Other News Materials 11 April 2008 10:19 (UTC +04:00)

(dpa) - Bosnia's bickering politicians have agreed on new police laws designed to bring the country closer to the European Union, but rival Serb and Muslim-Croat police forces were not disbanded.

After more than four years of discussion, the compromise pushed through by Bosnia's international administrator delayed the question of how to deal with the splintered security forces until after a constitutional reform, currently a distant prospect.

Lower-house lawmakers from the main Muslim and Serb parties approved the laws late Thursday. The reform also requires the upper house's approval, usually a formality.

The international administrator, Slovak diplomat Miroslav Lajcak, warned local politicians for months that only police reform would clear the way for a Stabilization and Association Agreement (SAA) with the EU, a first step toward possible membership.

He has urged Bosnian leaders in blunt language to set aside differences and take responsibility for their country and people's economic welfare.

But Bosnian Serbs, who emerged from the country's 1992-95 ethnic war with broad separate powers, said the police reform allows them to maintain their own security apparatus.

"It is clear that the interior ministry of the Serb Republic and the police of Serb Republic would continue to exist in the same capacity," Slavko Jovicic, a lawmaker for the main Bosnian Serb party in the Sarajevo parliament, said before the vote.

Haris Silajdzic, leader of the largest Muslim party and current head of Bosnia's three-member presidency, wants to centralize law enforcement power in Sarajevo.

On paper, the new laws increase the Sarajevo central government's police powers.

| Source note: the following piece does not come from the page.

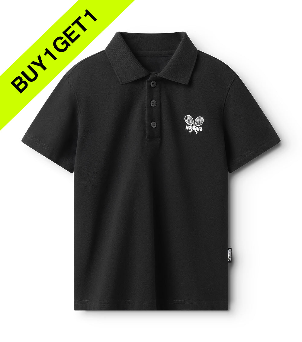 need a look that screams country club connoisseur? this is it. it’s a polo shirt made of black cotton pique so it’s extremely soft, flexible & cozy for all day play. even better, we've ditched the usual polo cut in favor of a t-shirt kind of vibe on the inner body but kept it classic with a soft rib collar, three tone-to-tone buttons, and clean edges. to top off this epic fit, our nununu dueling tennis rackets logo is embroidered in white on the chest, hinting at an impending challenge.
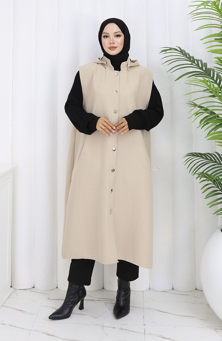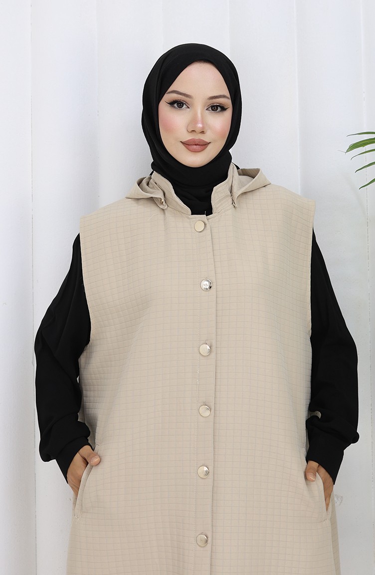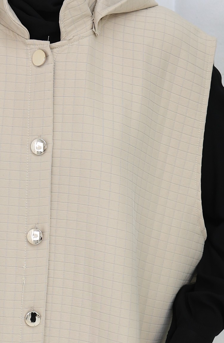 Quilted Fabric Buttoned Vest 0186-05 Beige 0186-05

But the final police structure would be worked out within a year of the adoption of a new Bosnian constitution, Jovicic said.

Some international experts and diplomats view the police reform as a sideshow that has captivated EU officials but does virtually nothing to address Bosnia's long-standing divisions and weak central government.

Lajcak worked with Bosnia's top politicians for much of Thursday to overcome last-minute wrangling over the police reforms as parliament met in Sarajevo.

The United States, which brokered the 1995 Dayton peace agreement that ended the Bosnian war, had also called for compromise.

Many Bosnians are disillusioned about the future of their largely divided country, where Slavic Muslims make up 48 per cent of the population, Serbs 34 per cent and Croats 15 per cent.